6. The two party system is shit. We know that. But the democrats are a big tent housing a lot of different opinions and trying to cater to them all. Republicans are generally united in one mission of dismantling everything and protecting only their own. This is also why Dems don’t have the same type of “super majority” and can’t easily whip the same voting results. And anyone who thinks Obama had a super majority for enough time to codify roe does not understand politics. He had about 18 days of actual in-session time, split into two different sessions.
7. Purity politics isn’t going to get you anywhere. The candidate is a bus stop getting you closer to where you want to be. They’re not the end goal, and a smart voter knows that.

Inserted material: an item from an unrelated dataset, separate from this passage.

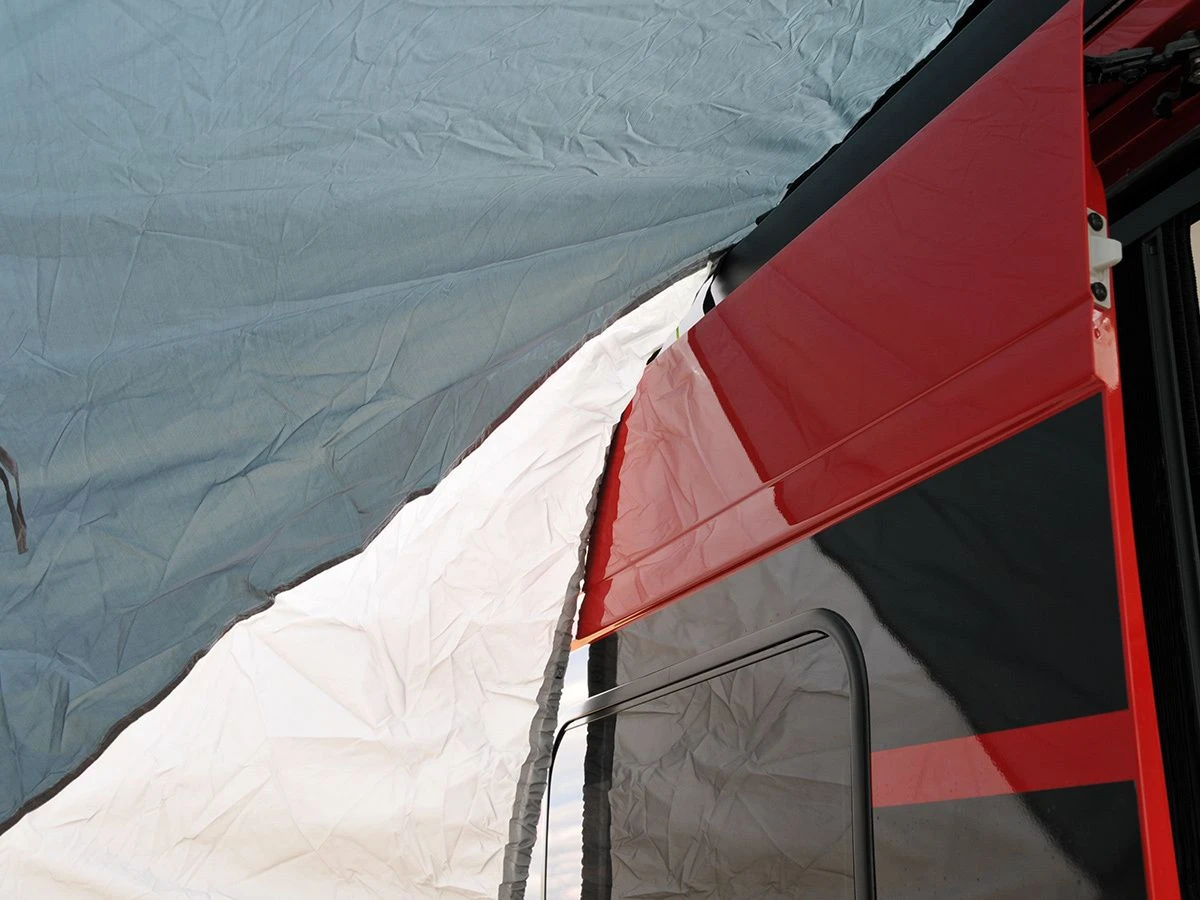 Die Rückwand dieses Buszeltes kann in zwei Teilen zur hin Mitte aufgerollt werden. Wenn beide Teile aufrollen sind, haben Sie fast die gesamte Rückwand als Durchgang zum Fahrzeug frei. Wenn Sie mit dem Fahrzeug unterwegs sein wollen, können Sie die Schleuse auch aufrollen und so sichern.

8. Voter suppression is huge in America. Help other voters register and get to the polls. It’s not always indifference keeping people from voting. Do something to help disenfranchised voters.
Let me repeat: The two party system is shit. We need to get rid of the electoral college. We need ranked choice voting. We need to get rid of Citizens United. Our country is an oligarchy. Always has been. Not denying that. But Living in these ideals of what we should be without creating any change now isn’t going to get you anywhere. Being defeatist and abstaining from the process is cutting off your own nose to spite your face. Its saying “the other team is scoring too many goals, so instead of playing, I’m just gonna sit on the sidelines. That’ll teach everyone.” No, you’re just gonna keep losing. Maybe, instead, vote in the primaries and choose better teammates.
Y’all kill me with these “hot takes.” They ain’t even half baked.
Now, if you want to talk about the other things we should be doing IN ADDITION TO voting, like general strikes, organizing, etc. Then that’s a different conversation we should also be having.